▸ SUPPLIED MATERIAL
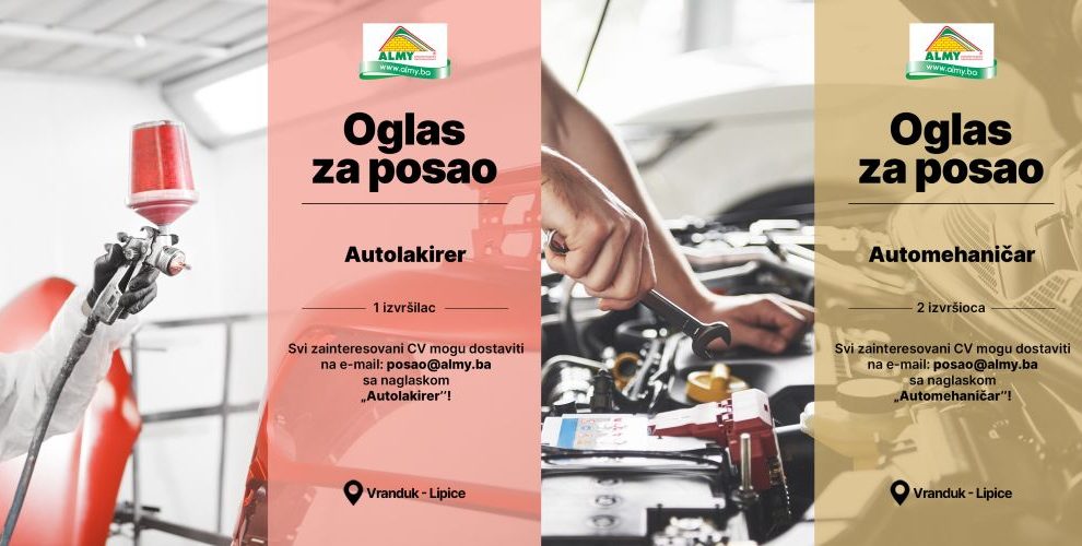 Oglas za posao: Autolakirer i automehaničar- Almy d.o.o. Zenica objavljuje konkurs za prijem u radni odnos: POZICIJA: Autolakirer LOKACIJA: Vranduk-Lipice BROJ IZVRŠILACA: 1 POTREBNE KVALIFIKACIJE: – SSS, – Poželjno iskustvo, – Spremnost na rad u timu. NUDIMO: –...
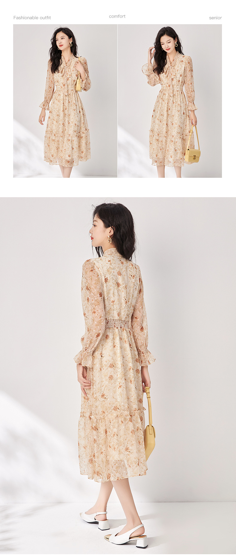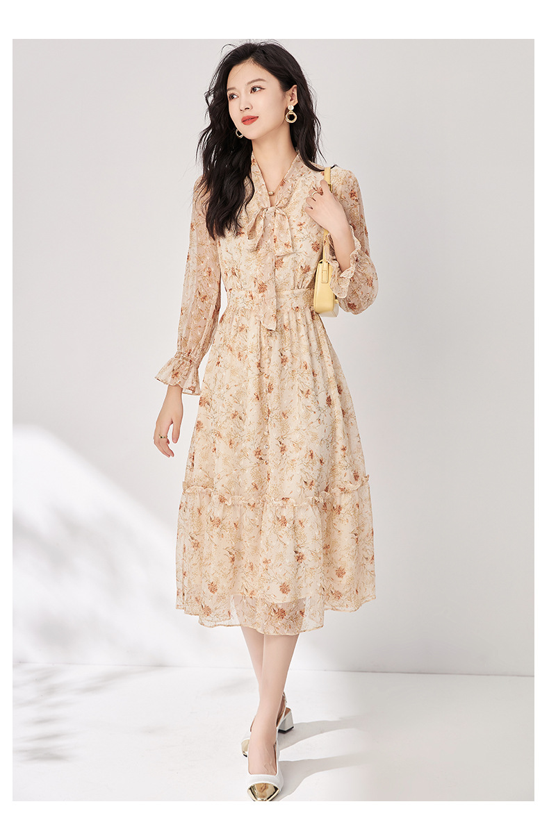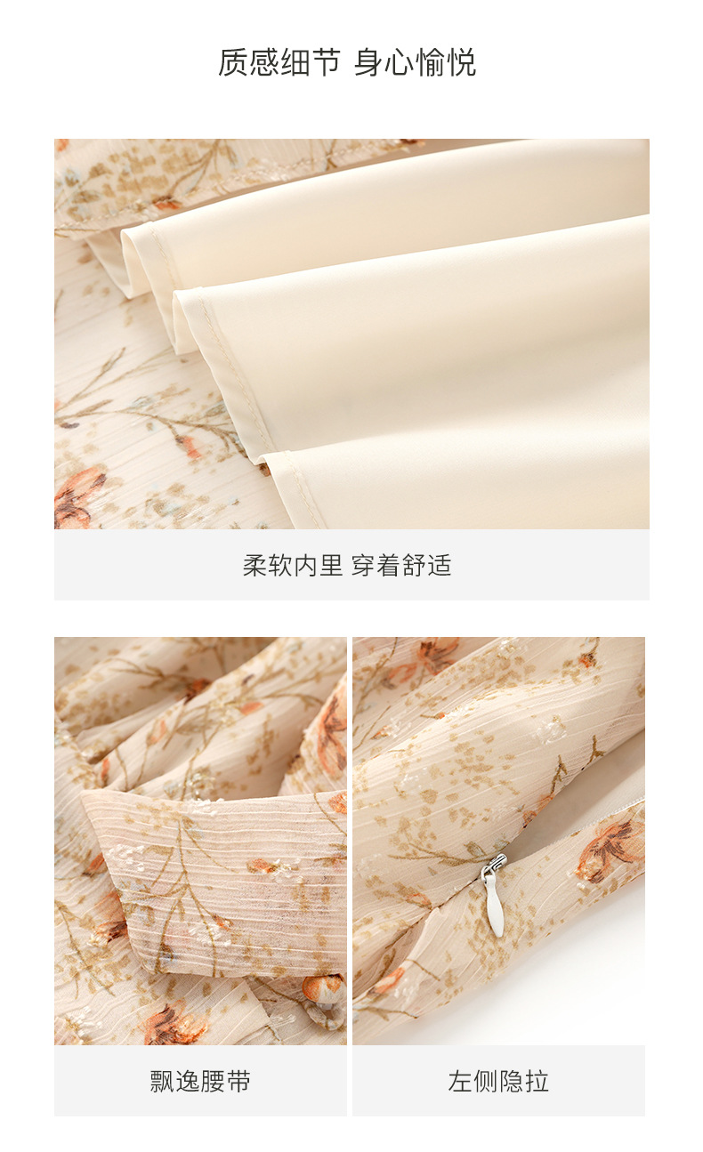 秋季新款,浪漫轻奢名媛印花立体花显瘦百搭内搭连衣裙WLZD-2318310
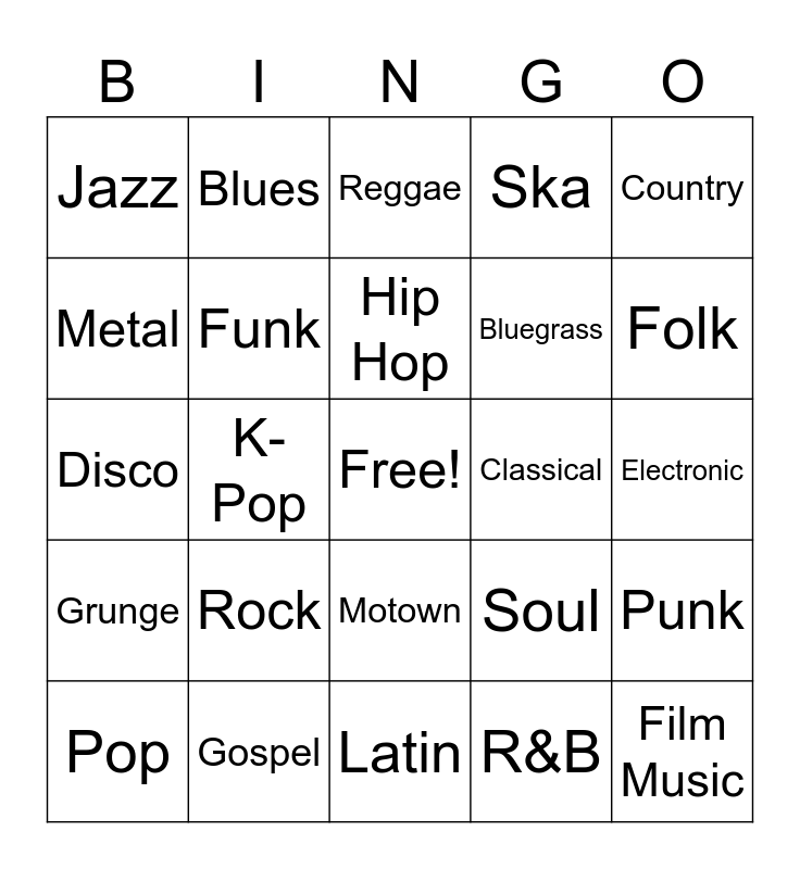 This bingo card has a free space and 24 words: Pop, Rock, Hip Hop, R&B, Country, Jazz, Blues, Reggae, Classical, Electronic, Disco, Funk, Soul, Punk, Metal, Gospel, Latin, Ska, Folk, Grunge, K-Pop, Motown, Bluegrass and Film Music.
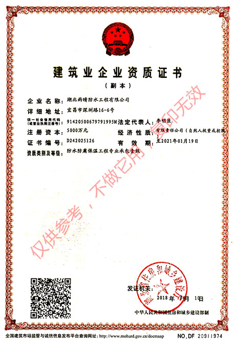 -國家防水防腐保溫工程專業(yè)承包壹級資質(zhì)
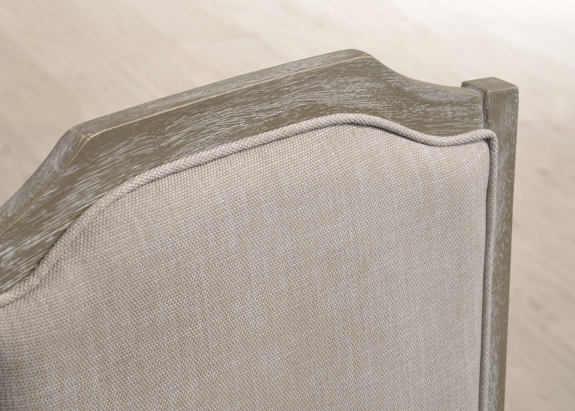 - Solid tan upholstered seat cushion adds comfort while complementing the chair’s rustic appeal.
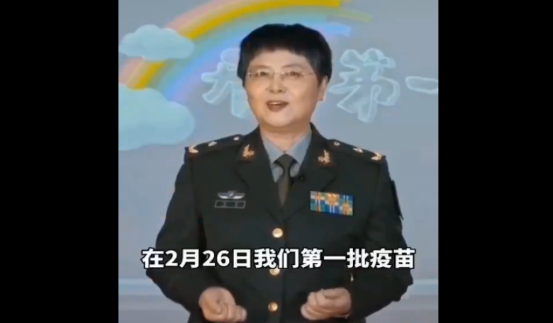 中共工程院院士、军事医学研究院研究员陈薇称,2月26日第一批新冠疫苗(中共病毒疫苗)下线。(视频截图)
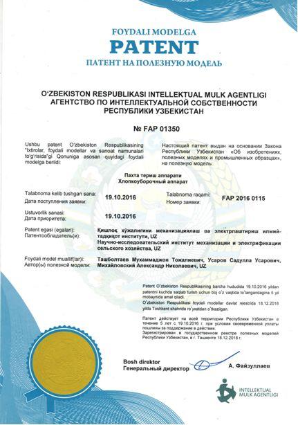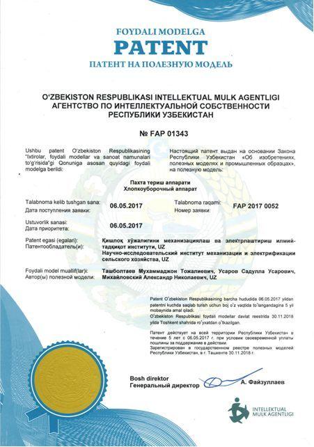 2015-2021 йиллар давомида лаборатория ходимлари томонидан қуйидаги лойиҳалар бўйича И.Т.И.лари бажарилган: 1. КХИ-2-002-2015 “Тик шпинделли пахта териш машиналари учун шпинделларни ювиш ва тозалаш тизимининг макет нусхасини тайёрлаш ва ишлаб чиқаришга тадбиқ этиш” (Изготовление макетного образца системы обмыва и очистки шпинделей для вертикально-шпиндельных хлопкоуборочных машин и внедрение в производство) инновацион лойиҳаси бўйича: Ишлаб чиқилган тракторнинг пневмотизимидан фойдаланилган ҳолда қўшимча сув насоси ва унинг юритмасини ишлатмайдиган шпинделларни ювиш ва тозалаш тизими пахта териш машинаси ишининг барқарорлигини бутун иш сменаси давомида сақлайди. Пахта териш машинасини яратилган шпинделларни ювиш ва тозалаш тизими билан жиҳозлаш шпинделларни ювиб тозалашга кетадиган кунлик иш вақтининг қўшимча сарфини камайтиради ва шу билан пахта териш машинасининг иш унумдорлигини оширади. Таклиф этилаётган пахта териш машинаси технологик иш жараёнининг самарадорлиги терилган пахтанинг миқдори ва сифатини ортиши ҳисобига 80,8 минг. сўм/hа ни, тажриба машинасини ишлатишдан олинган умумий иқтисодий самара 159,4 минг.сўм/hа ни ташкил этади. 2. КХИ-2-003-2016 «Тик шпинделли пахта териш аппарати учун пахтани ерга тўкилишини камайтирувчи қурилманинг тажриба нусхасини тайёрлаш ва синаш» (Изготовление и испытание опытного образца устройства для снижения потерь хлопка на землю к вертикально-шпиндельному хлопкоуборочному аппарату) инновацион лойиҳаси бўйича: Пахтани ерга тўкилишини камайтириш пахта териш машинасининг иш жараёнида олдинги шпинделли барабанларда жойлашган, қайтиб чиқаётган пахтани йиғиб олувчи қурилмани ишлатиш орқали амалга оширилди. У терим аппаратининг технологик схемасини мураккаблаштирмайди ва унинг барча конструктив ва кинематик ўлчамларини ўзгаришсиз сақлайди. Пахта териш машинасининг ишлаб чиқилган қайтиб чиқаётган пахтани йиғиб олувчи қурилма билан жиҳозлаш пахта терими тўлиқлигини бир теримда ўртача 2,85% га, икки теримда – 3,83% га ошириш имконини берди, бу ўсишлар ғўза тупига яхши ишлов бериш ва пахтани ерга тўкилишини камайтириш ҳисобига эришилди. 3. КА-3-002-2016 “Замонавий пахта териш машиналари билан пахта ҳосилини йиғиб олишнинг юқори самарадор технологиясини ишлаб чиқиш” (Разработка высокоэффективной технологии уборки урожая хлопка-сырца современными хлопкоуборочными машинами) амалий лойиҳаси бўйича: Пахта ҳосилини кўсакларнинг очилиши юқори бўлганда териш мавжуд пахта териш машиналари иш унумдорлигини оширишнинг энг самарали усулларидан эканлиги аниқланган. Бу ҳолда терим учун сарфланадиган қўшимча ҳаражатлар камаяди ва пахта терими нархини сезиларли камайтириш мумкин. Шу билан бирга ғўза дефолияцияси ва машина теримининг мақбул муддатлари пахта толаси ва ипнинг хусусиятларини комплекс тақдиқ этиш асосида аниқланиши керак. Очилган пахтанинг бир марта машина терими кўриб чиқилаётган пахта териш технологияларига нисбатан энг юқори даромад олишга имкон беради. Бу кўсакларнинг очилиши юқори бўлганда терилаётган пахтанинг миқдорини ошиши билан боғлиқ. Кўсакларнинг очилиши ошиши пахта териш машинасининг терим тўлиқлигини кўсаклар очилиши 56% ва 75% бўлганда биринчи теримда 73,7% дан 81,7% гача, кўсаклар очилиши 88,0% бўлганда – 88,58% гача кўпайишини таъминлайди. 4. И-ҚХ-2017-5-2 инновацион лой
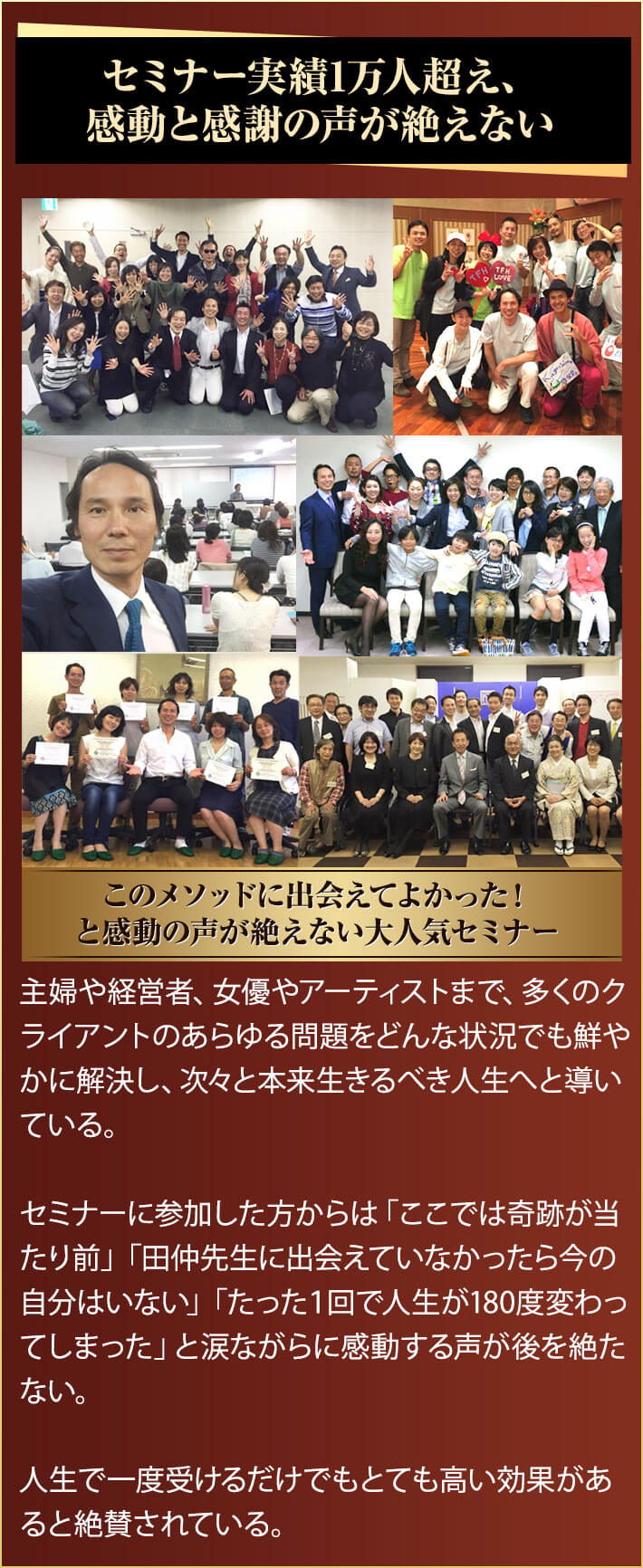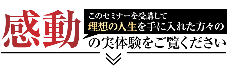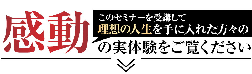 実際に、過去にこのセミナーを受講して人生を激変させた方々の感動の声をご覧ください。このセミナーに参加することで、あなたはこの方々以上の人生の変容を体感することができます。

▸ REQUIRED WORK
Type the listing above out again exactly, and omit all pictures.

▸ WRITTEN SOLUTION
 Oglas za posao: Autolakirer i automehaničar- Almy d.o.o. Zenica objavljuje konkurs za prijem u radni odnos: POZICIJA: Autolakirer LOKACIJA: Vranduk-Lipice BROJ IZVRŠILACA: 1 POTREBNE KVALIFIKACIJE: – SSS, – Poželjno iskustvo, – Spremnost na rad u timu. NUDIMO: –...
 秋季新款,浪漫轻奢名媛印花立体花显瘦百搭内搭连衣裙WLZD-2318310
 This bingo card has a free space and 24 words: Pop, Rock, Hip Hop, R&B, Country, Jazz, Blues, Reggae, Classical, Electronic, Disco, Funk, Soul, Punk, Metal, Gospel, Latin, Ska, Folk, Grunge, K-Pop, Motown, Bluegrass and Film Music.
 -國家防水防腐保溫工程專業(yè)承包壹級資質(zhì)
 - Solid tan upholstered seat cushion adds comfort while complementing the chair’s rustic appeal.
 中共工程院院士、军事医学研究院研究员陈薇称,2月26日第一批新冠疫苗(中共病毒疫苗)下线。(视频截图)
 2015-2021 йиллар давомида лаборатория ходимлари томонидан қуйидаги лойиҳалар бўйича И.Т.И.лари бажарилган: 1. КХИ-2-002-2015 “Тик шпинделли пахта териш машиналари учун шпинделларни ювиш ва тозалаш тизимининг макет нусхасини тайёрлаш ва ишлаб чиқаришга тадбиқ этиш” (Изготовление макетного образца системы обмыва и очистки шпинделей для вертикально-шпиндельных хлопкоуборочных машин и внедрение в производство) инновацион лойиҳаси бўйича: Ишлаб чиқилган тракторнинг пневмотизимидан фойдаланилган ҳолда қўшимча сув насоси ва унинг юритмасини ишлатмайдиган шпинделларни ювиш ва тозалаш тизими пахта териш машинаси ишининг барқарорлигини бутун иш сменаси давомида сақлайди. Пахта териш машинасини яратилган шпинделларни ювиш ва тозалаш тизими билан жиҳозлаш шпинделларни ювиб тозалашга кетадиган кунлик иш вақтининг қўшимча сарфини камайтиради ва шу билан пахта териш машинасининг иш унумдорлигини оширади. Таклиф этилаётган пахта териш машинаси технологик иш жараёнининг самарадорлиги терилган пахтанинг миқдори ва сифатини ортиши ҳисобига 80,8 минг. сўм/hа ни, тажриба машинасини ишлатишдан олинган умумий иқтисодий самара 159,4 минг.сўм/hа ни ташкил этади. 2. КХИ-2-003-2016 «Тик шпинделли пахта териш аппарати учун пахтани ерга тўкилишини камайтирувчи қурилманинг тажриба нусхасини тайёрлаш ва синаш» (Изготовление и испытание опытного образца устройства для снижения потерь хлопка на землю к вертикально-шпиндельному хлопкоуборочному аппарату) инновацион лойиҳаси бўйича: Пахтани ерга тўкилишини камайтириш пахта териш машинасининг иш жараёнида олдинги шпинделли барабанларда жойлашган, қайтиб чиқаётган пахтани йиғиб олувчи қурилмани ишлатиш орқали амалга оширилди. У терим аппаратининг технологик схемасини мураккаблаштирмайди ва унинг барча конструктив ва кинематик ўлчамларини ўзгаришсиз сақлайди. Пахта териш машинасининг ишлаб чиқилган қайтиб чиқаётган пахтани йиғиб олувчи қурилма билан жиҳозлаш пахта терими тўлиқлигини бир теримда ўртача 2,85% га, икки теримда – 3,83% га ошириш имконини берди, бу ўсишлар ғўза тупига яхши ишлов бериш ва пахтани ерга тўкилишини камайтириш ҳисобига эришилди. 3. КА-3-002-2016 “Замонавий пахта териш машиналари билан пахта ҳосилини йиғиб олишнинг юқори самарадор технологиясини ишлаб чиқиш” (Разработка высокоэффективной технологии уборки урожая хлопка-сырца современными хлопкоуборочными машинами) амалий лойиҳаси бўйича: Пахта ҳосилини кўсакларнинг очилиши юқори бўлганда териш мавжуд пахта териш машиналари иш унумдорлигини оширишнинг энг самарали усулларидан эканлиги аниқланган. Бу ҳолда терим учун сарфланадиган қўшимча ҳаражатлар камаяди ва пахта терими нархини сезиларли камайтириш мумкин. Шу билан бирга ғўза дефолияцияси ва машина теримининг мақбул муддатлари пахта толаси ва ипнинг хусусиятларини комплекс тақдиқ этиш асосида аниқланиши керак. Очилган пахтанинг бир марта машина терими кўриб чиқилаётган пахта териш технологияларига нисбатан энг юқори даромад олишга имкон беради. Бу кўсакларнинг очилиши юқори бўлганда терилаётган пахтанинг миқдорини ошиши билан боғлиқ. Кўсакларнинг очилиши ошиши пахта териш машинасининг терим тўлиқлигини кўсаклар очилиши 56% ва 75% бўлганда биринчи теримда 73,7% дан 81,7% гача, кўсаклар очилиши 88,0% бўлганда – 88,58% гача кўпайишини таъминлайди. 4. И-ҚХ-2017-5-2 инновацион лой
 実際に、過去にこのセミナーを受講して人生を激変させた方々の感動の声をご覧ください。このセミナーに参加することで、あなたはこの方々以上の人生の変容を体感することができます。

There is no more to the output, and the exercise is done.